REQUIREMENT:
Which lines of the records contain the word "NSZZ"? Copy each one.

DATA RECORDS:
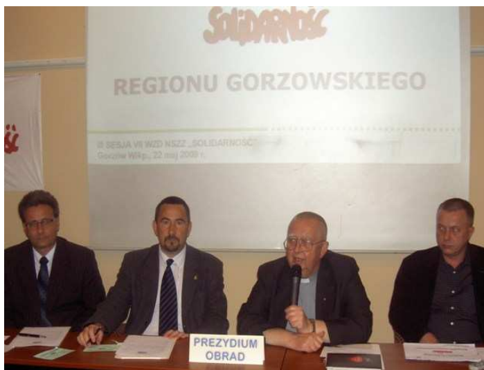
Prezydium WZD ZR Gorzowskiego NSZZ „S”

W hotelu „Mieszko” spotkali się na corocznym zjeździe delegaci NSZZ Solidarność Zarządu Regionu Gorzów Wlkp.
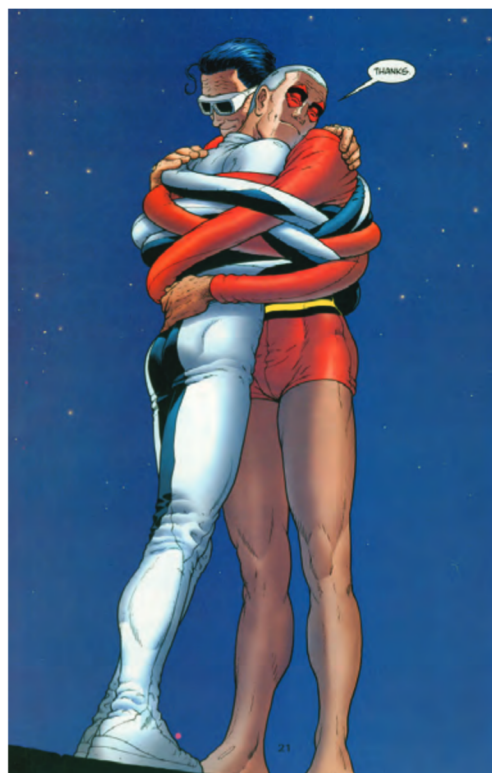
Figura 3. El Hombre Plástico y su hijo Offspring comparten la posibilidad de modificar su cuerpo según las condiciones.

Una predicción general en estudios de anuros que crían y crecen en charcos temporarios de duración impredecible es que sería ventajoso poseer una tasa de desarrollo plástica que se corresponda con las variaciones en el nivel de agua. Se ha demostrado que larvas de numerosas especies que se crían en charcos efímeros han acelerado la metamorfosis en respuesta a la desecación del hábitat exhibiendo lo que se ha denominado plasticidad fenotípica en el tiempo de desarrollo
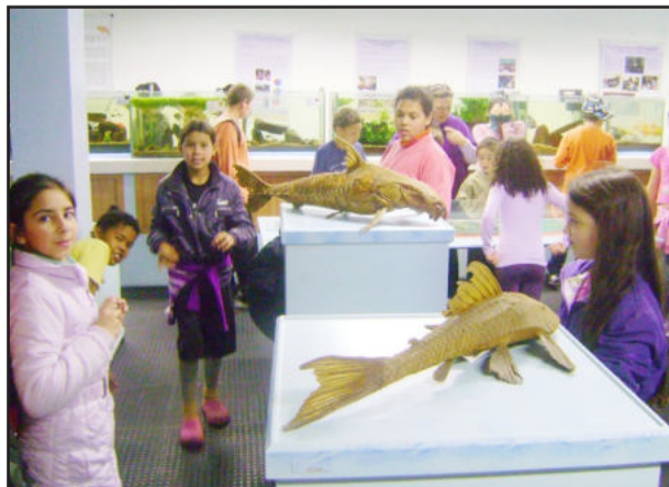
Estudantes visitando o museu
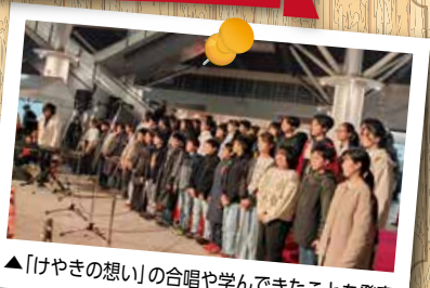
▲「けやきの想い」の合唱や学んできたことを発表
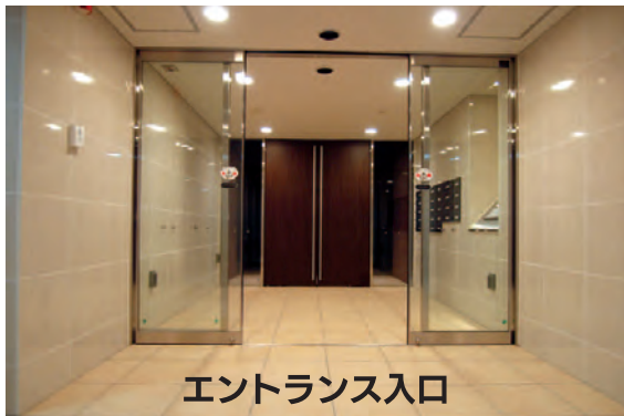
エントランス入口
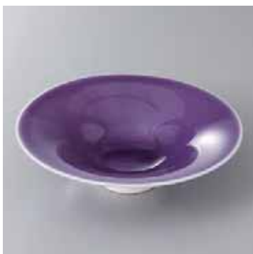
45-6-52G 2,050円 バイオレット反方向付 16.2×4.1cm
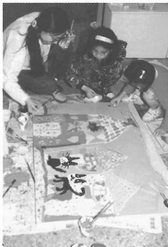
▲小學美勞教師應具備教育、美勞及兒童領域之素養。

因此，小學美勞教師應具備的基本知能甚為廣泛，非幾頁篇幅所能道盡。有關教育的基本素養如教學法、教育心理、班級管理、獎懲原則等，與一般科目教師大體相同；有關兒童心理與發展可參閱本書籍其他有關資料。本章就美勞部分依筆者經驗，略舉主要項目簡述之，作為參考或提示，如需較詳盡資料可參閱有關書籍。
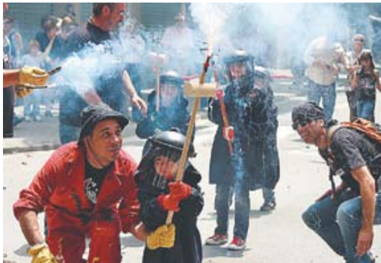
Les Espurnes de Castellar es van estrenar a al Correfoc de la Creu Alta.

Les Espurnes són la nova colla infantil dels diables de Castellar. Es van estrenar diumenge en el marc de la Festa Major de la Creu Alta. La colla està formada per 30 nens i nenes d'entre 3 i 11 anys. La iniciativa de l'ETC va sorgir per la inquietud dels mateixos infants de participar com a diables amb els seus pares i mares. Les petites Espurnes vesteixen una capa blau marí amb caputxa i banyes vermelles, tot elaborat amb roba ignífuga. També porten unes pantalles de protecció a la cara. Els adults són qui manipulen la pirotècnia. †
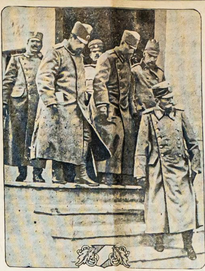
Serbijos karalius Petras ir jo štabas.
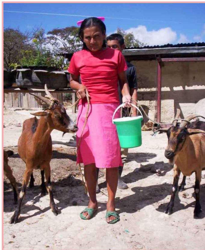
Productora de los Llanitos (Cusmapa) asegura 3 litros de leche diario, durante el verano.

Pero ¿Cómo lograr que los animales produzcan buenos rendimientos y no se enfermen?... En esta publicación se pretende brindar los elementos básicos en el manejo sanitario y reproductivo del ganado caprino criado en condiciones rústicas, específicamente para que los promotores, promotoras y personas que se dedican a la crianza de cabros tengan mejores resultados.
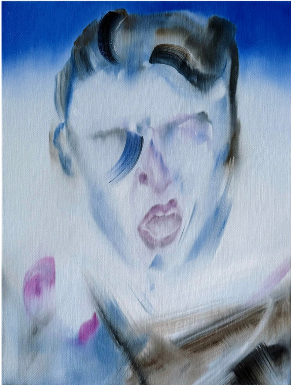
La promesse de l'aube (série) huile sur toile 30 x 40 cm, 2025
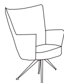
LS 53 - PS 55 - HS 46
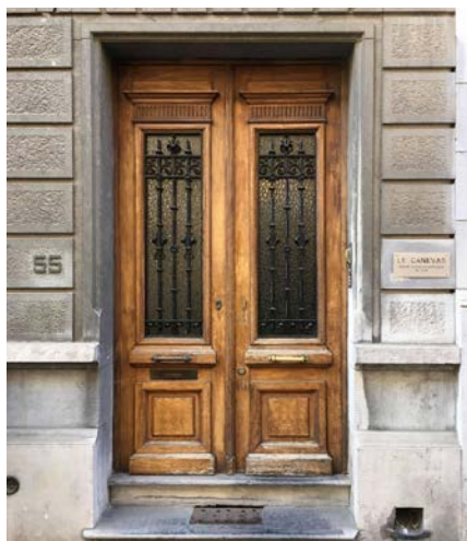
Le Canevas, Centre psychothérapeutique de jour
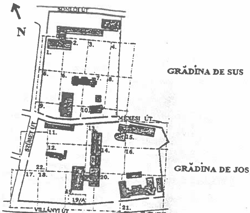
Fig.2 – Organizarea arboretumului

RESULT:
Prezydium WZD ZR Gorzowskiego NSZZ „S”
W hotelu „Mieszko” spotkali się na corocznym zjeździe delegaci NSZZ Solidarność Zarządu Regionu Gorzów Wlkp.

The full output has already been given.